TASK DIRECTIONS:
Start at the line with "64 номера; открытый" in the records below, stop at the line with "イタリア「ラ・セラミカ」繊細なレース柄と優しいカラーの「レースシリーズ」| ラ セラミカ", and return every line in that span exactly, the two end lines included.

ENTRIES PROVIDED:
################
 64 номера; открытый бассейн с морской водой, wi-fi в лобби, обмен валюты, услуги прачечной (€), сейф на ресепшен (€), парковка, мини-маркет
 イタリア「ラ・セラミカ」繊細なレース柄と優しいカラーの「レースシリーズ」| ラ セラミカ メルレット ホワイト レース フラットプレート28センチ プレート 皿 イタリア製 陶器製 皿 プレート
################
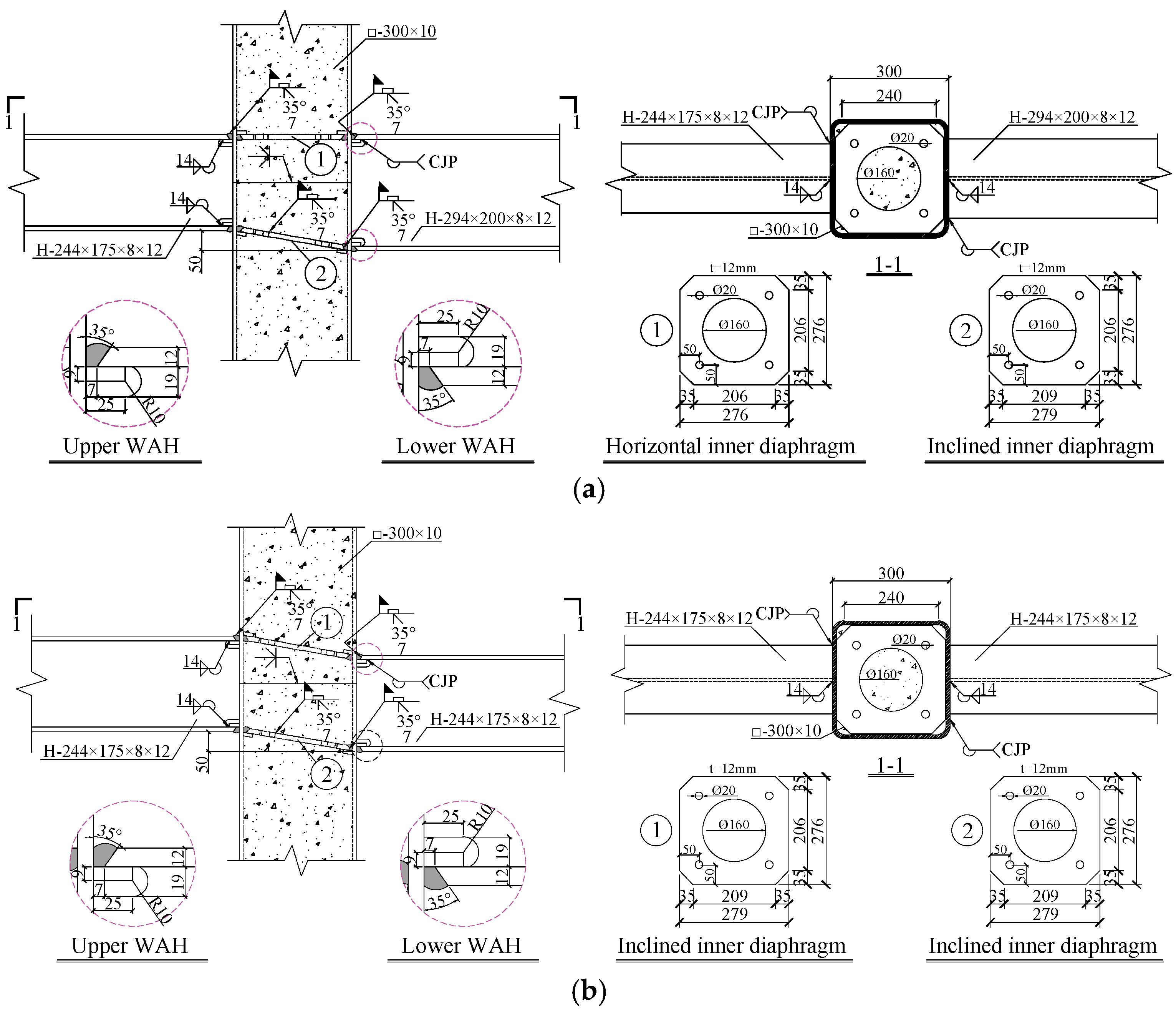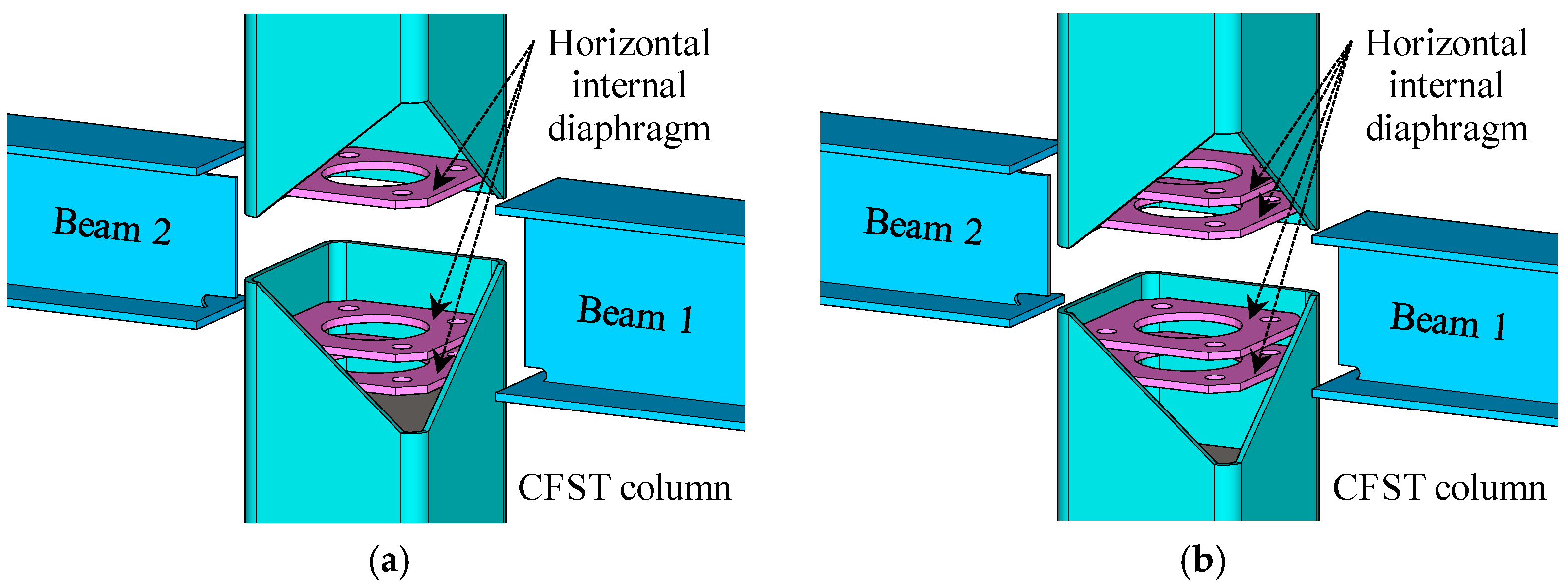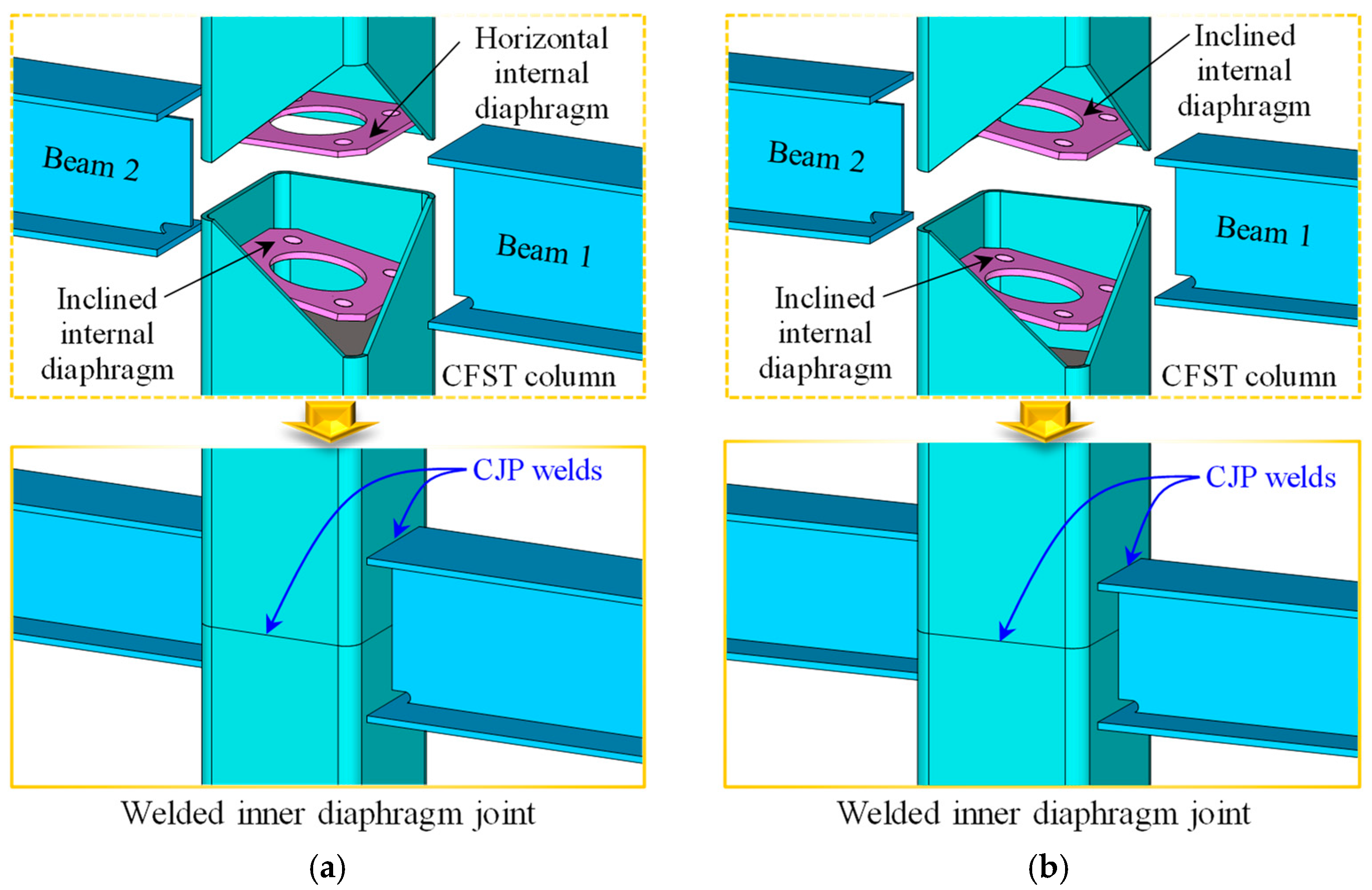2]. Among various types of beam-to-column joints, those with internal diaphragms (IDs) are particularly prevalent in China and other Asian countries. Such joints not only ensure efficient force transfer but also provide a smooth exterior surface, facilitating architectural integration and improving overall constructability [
################
OUTPUT OF THE EXERCISE:
 64 номера; открытый бассейн с морской водой, wi-fi в лобби, обмен валюты, услуги прачечной (€), сейф на ресепшен (€), парковка, мини-маркет
 イタリア「ラ・セラミカ」繊細なレース柄と優しいカラーの「レースシリーズ」| ラ セラミカ メルレット ホワイト レース フラットプレート28センチ プレート 皿 イタリア製 陶器製 皿 プレート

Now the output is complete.